[x86] allow vector load narrowing with multi-use values

Authored by spatel on Sat, Nov 3, 10:26 AM.



This is a long-awaited follow-up suggested in D33578. Since then, I think we've picked up even more opportunities for vector narrowing from changes like D53784, so there are a lot of test diffs. Apart from 2-3 strange cases, I think these are all wins.

I've structured this to be no-functional-change-intended for any target except for x86 because I couldn't tell if AArch64, ARM, and AMDGPU would improve or not. All of those targets have existing regression tests (4, 4, 10 files respectively) that would be affected. Also, Hexagon overrides the shouldReduceLoadWidth() hook, but doesn't show any regression test diffs. The trade-off is deciding if an extra vector load is better than a single wide load + extract_subvector.

For x86, this is almost always better (on paper at least) because we often can fold loads into subsequent ops and not increase the official instruction count. There's also some unknown -- but potentially large -- benefit from using narrower vector ops if wide ops are implemented with multiple uops and/or frequency throttling is avoided.

Diff Detail

spatel created this revision.Sat, Nov 3, 10:26 AM
RKSimon added inline comments.Thu, Nov 8, 5:38 AM
493 ↗(On Diff #172493)

(Unrelated) We should investigate fixing this - <48 x i8> is unlikely to occur but tweaking the AVG patterns + SplitOpsAndApply to handle 'uneven split' cases should be relatively trivial.

24 ↗(On Diff #172493)

NFC changes - pull out?

1290 ↗(On Diff #172493)

@craig.topper Is this OK?

277 ↗(On Diff #172493)

This doesn't look great?

186 ↗(On Diff #172493)

Codesize regression?

spatel added inline comments.Thu, Nov 8, 7:36 AM
277 ↗(On Diff #172493)

Right - we can see this even in the existing codegen because in LowerINSERT_VECTOR_ELT:

// If the vector is wider than 128 bits, extract the 128-bit subvector, insert
// into that, and then insert the subvector back into the result.

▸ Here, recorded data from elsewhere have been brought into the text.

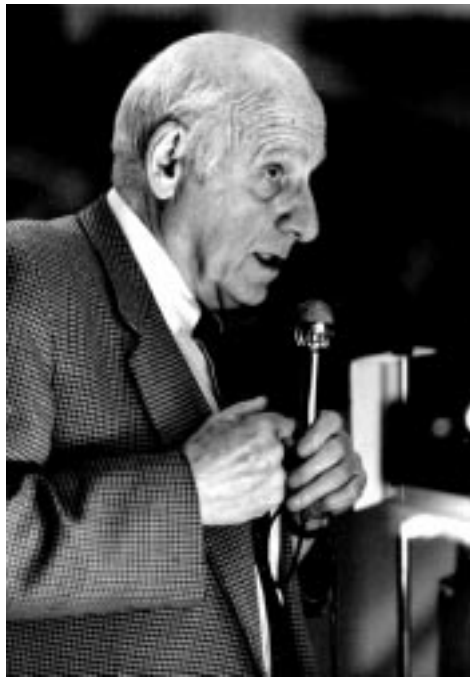
Академик А.П. Лисицын
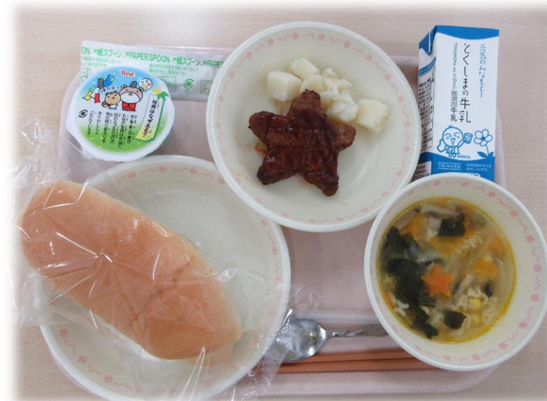
7月5日(金) コッパン ハンバーグ ABCスープ こぶきいも あまの川ゼリー 牛乳
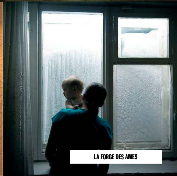
LA FORGE DES AMES
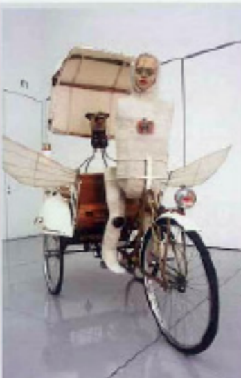
「栄光の車」(2001) ヘリドノ ヘンヤ、田、木、鉄、布、ガラス、アクリル、 ラッカー、に彫る Approx. H205×W168×D225cm

霧島アートの森では、屋内の収蔵作家30人の作品を、年間4回に分けて、 テーマを決めてコレクション展として展示・公開しています。国内外で広く 活躍している現代作家の多様な素材による作品を、作品解説カードを手 がかりに、作品との対話を楽しみながら鑑賞できる空間になっています。
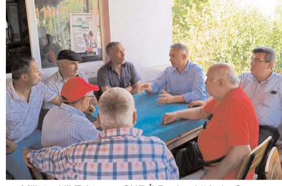
Milletvekili Tahtasız, CHP İl Başkanlığı'nda Çorum halkını dinleyeceğini açıkladı.
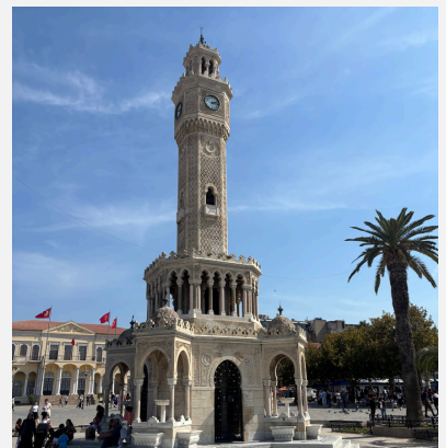
イズミルのシンボル CLOCK TOWER です
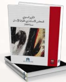
Rapport annuel du Conseil consultatif des droits de l'Homme 2009
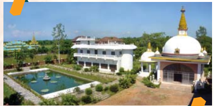
अन्तर्राष्ट्रिय भिक्षुणी विहार, नेपाल
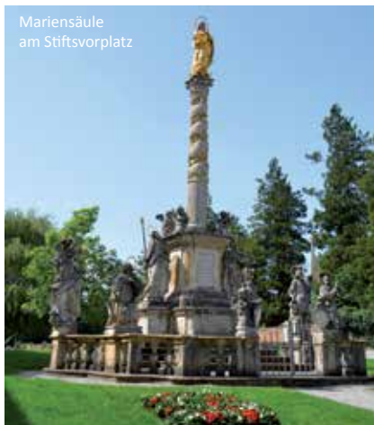
Mariensäule am Stiftsvorplatz
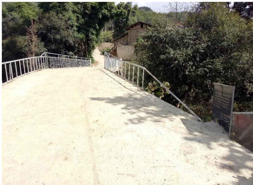
NO.357 清水河便民桥 (竣工)
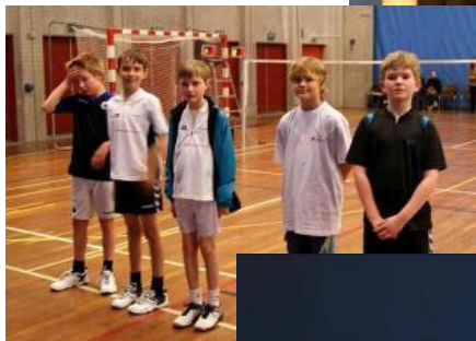
Der ventes på diplomer
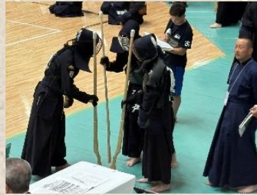
コートに整列する 七偵剣士
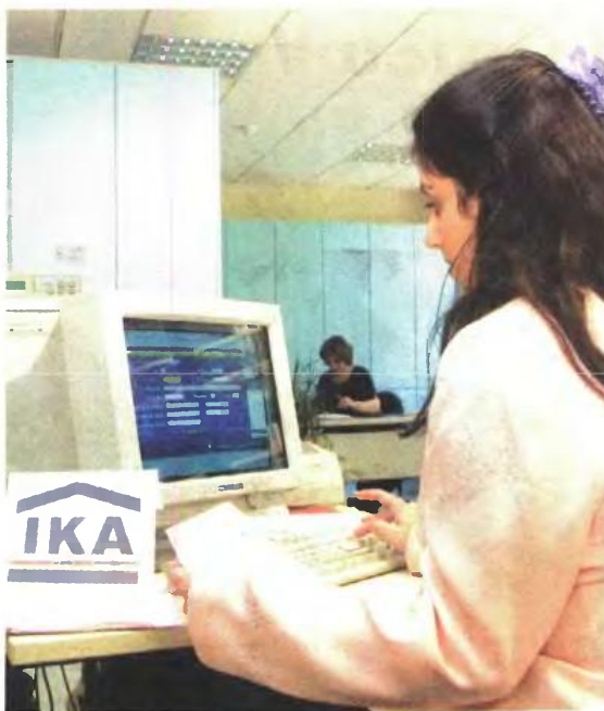
▲ ΚΟΙΝΑ ΣΗΜΕΙΑ ΣΕ ΣΥΓΚΕΚΡΙΜΕΝΟΥΣ τομείς στο Ασφαλιστικό έχουν βρει κυβέρνηση και δανειστές

λισμένοι έχουν πιάσει τόσο τα έτη ασφάλισης όσο και το όριο ηλικίας και επομένως μπορούν να αποχωρήσουν ανά πάσα στιγμή. Οι συγκεκριμένοι ασφαλισμένοι δεν απειλούνται από αλλαγές στα θεμελιωμένα δικαιώματά τους.

But is there a better way to get a scalar into the high part of a wide vector?

Eg, AVX1 can't even splat from register to a 256-bit vector, so a shuffle-based-alternative would be:

	vmovd	%edi, %xmm0
	vpshufd	$36, %xmm0, %xmm0       ## xmm0 = xmm0[0,1,2,0]
	vinsertf128	$1, %xmm0, %ymm0, %ymm0
	vblendps	$127, LCPI0_0(%rip), %ymm0, %ymm0 ## ymm0 = mem[0,1,2,3,4,5,6],ymm0[7]
craig.topper added inline comments.Thu, Nov 8, 9:15 AM
1290 ↗(On Diff #172493)

I think so. kshift is 3 cycles. kmovd is one cycle. So this is probably better unless we have some terrible crossing penalty.

spatel updated this revision to Diff 173204.Thu, Nov 8, 11:52 AM

Patch updated:
No code changes; rebased test diffs after rL346433 (improve buildvector lowering) and rL346298 (cosmetic diffs in CHECK lines).
I think the only remaining open question is for pr34653.ll, so I'll take a look at that. IR shows a <38 x double> vector type on an AVX512f target...

spatel added inline comments.Thu, Nov 8, 1:33 PM
2 ↗(On Diff #173204)

This is a -O0 test, so doesn't matter? With optimization, everything disappears:

pushq	%rbp
movq	%rsp, %rbp
andq	$-512, %rsp             ## imm = 0xFE00
subq	$1024, %rsp             ## imm = 0x400
movq	%rsp, %rdi
callq	_test
movq	%rbp, %rsp
popq	%rbp
nhaehnle removed a subscriber: nhaehnle.Fri, Nov 9, 5:45 AM
RKSimon accepted this revision.Fri, Nov 9, 6:25 AM

LGTM - thanks

2 ↗(On Diff #173204)

Agreed - it's annoying but doesn't matter.

This revision is now accepted and ready to land.Fri, Nov 9, 6:25 AM
This revision was automatically updated to reflect the committed changes.